Time series Forecasting: Complete Tutorial | Part-1

Raghav Agrawal Last Updated : 08 Dec, 2024
9 min read

A time series is a sequence of observations recorded over a certain period. A simple example of time-series forecasting is how we come across different temperature changes day by day or in a month. The tutorial will give you a complete sort of understanding of what is time-series data. Moreover we will discover what methods are used to forecast time series, and what makes time-series data so special a complex topic in the field of data science.

Overview:

  • Learn about the basics of time series forecasting, including its importance in machine learning and real-world applications.
  • Discover key components of time series data, such as trends, seasonality, and noise.
  • Explore various time series forecasting methods and techniques with practical Python implementations.
  • Understand how to prepare and preprocess data for effective forecasting.
  • Gain insights into popular models like ARIMA, SARIMA, and their use cases.
  • Follow along with examples to build your first time series forecasting model using Python.

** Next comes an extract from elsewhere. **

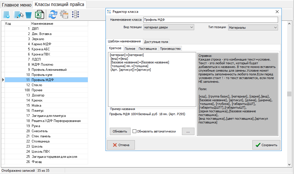 5. Добавлен инструмент редактирования классов материалов (видов материалов) с возможностью выбора доступных полей и изменения формул названий.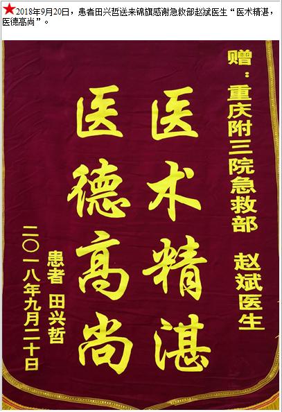 患者田兴哲送来锦旗感谢急救部赵斌医生-锦旗-患者心声-患者服务-重庆医科大学附属第三医院【官方网站】

This article was published as a part of the Data Science Blogathon

time - series forecasting

What is Time-Series Forecasting?

Time-series forecasting in simple words means to forecast or to predict the future value (eg-stock price) over a period of time. There are different approaches to predicting the value. Consider example there is a company XYZ that records the website traffic in each hour and now wants to forecast the total traffic in the coming hour. If I ask you what your approach is to forecasting the upcoming hour traffic?

web traffic time series data

A different person can have a different perspective. One can say find the mean of all observations, one can have like take a mean of recent two observations, one can say like give more weightage to the current observation and less to the past, or one can say use interpolation. There are different methods to forecast the values.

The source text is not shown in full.